EU reforms: 'Audacious demand' taken seriously by leaders
- Published
Britain's relationship with the EU has been turbulent right from the start, when it joined the bloc over 40 years ago.
Who can forget Margaret Thatcher's speech in the House of Commons, with her: "No, no, no" to European integration and a single currency?
It's never been a marriage of conviction. More assumed convenience. Sometimes fruitful; often fraught.
Now, viewed from Brussels, EU-UK relations have changed fundamentally again with what's seen here as Britain's audacious demand for reforms that Europe has taken seriously.
This is the first time in EU history that one country has stood up in front of the rest, threatening to leave if the EU doesn't dance to its reformist tune.
And then got what it asked for. To a certain extent. In draft form. Well, at least in the minds of EU institution bigwigs.
UK-EU draft deal - Latest updates
But now it's over to the other 27 EU countries to have their say. All have to agree to the text of the deal before it can be passed.
Dismissed by David Cameron's critics at home as weak and meaningless, this draft new EU-UK "settlement" as it is known here is - predictably - ruffling some continental feathers among those who believe it goes far too far.
Central and Eastern Europe grumble about the plan to cut EU migrant benefits.
They say it goes against the founding EU principle of the freedom to live and work anywhere across the bloc.

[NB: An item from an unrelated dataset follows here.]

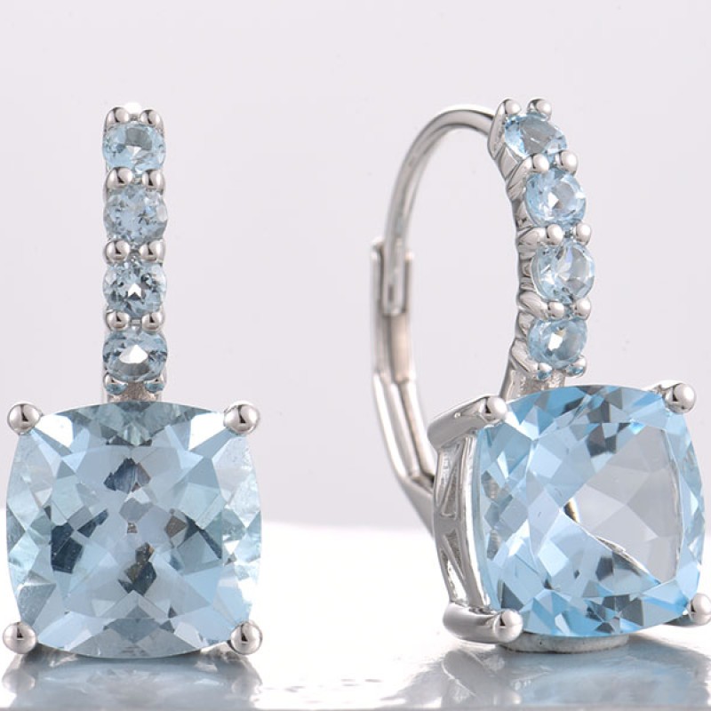 14KW Earrings Blue Topaz (Sky Blue),Blue Topaz (Swiss Blue) (E321747BTK14KW)

Expect them to bargain hard over the next few days to water down that proposal.
A high-level EU source told the BBC that France and its concerns kept UK and EU negotiators up late Monday night, as the draft deal was being finalised.
The Hollande government is grinding its collective teeth at the very notion that the UK and other non-euro nations could stall Eurozone decisions.
They say a definite "Non!" to a full veto for the UK, though anything less is dismissed as pointless by Mr Cameron's critics.
Over the next couple of weeks leading up to the EU leaders' summit, expect Germany to play the role of the behind-the-scenes mediator. It's determined that everything must be done to keep the UK in the bloc.
A close ally to Chancellor Angela Merkel, German MEP David McAllister, told us today: "These are hard and tough negotiations.
"Nothing will be agreed until everything is agreed. But in general I would say, we are on the right way. We want the UK to stay an active and strong partner in an active and strong EU."
The man who represents all EU countries here in Brussels is the President of the European Council, Donald Tusk.
Grand finale
Accompanying his tweets releasing the draft UK deal, external, Mr Tusk cryptically added the words: To be, or not to be.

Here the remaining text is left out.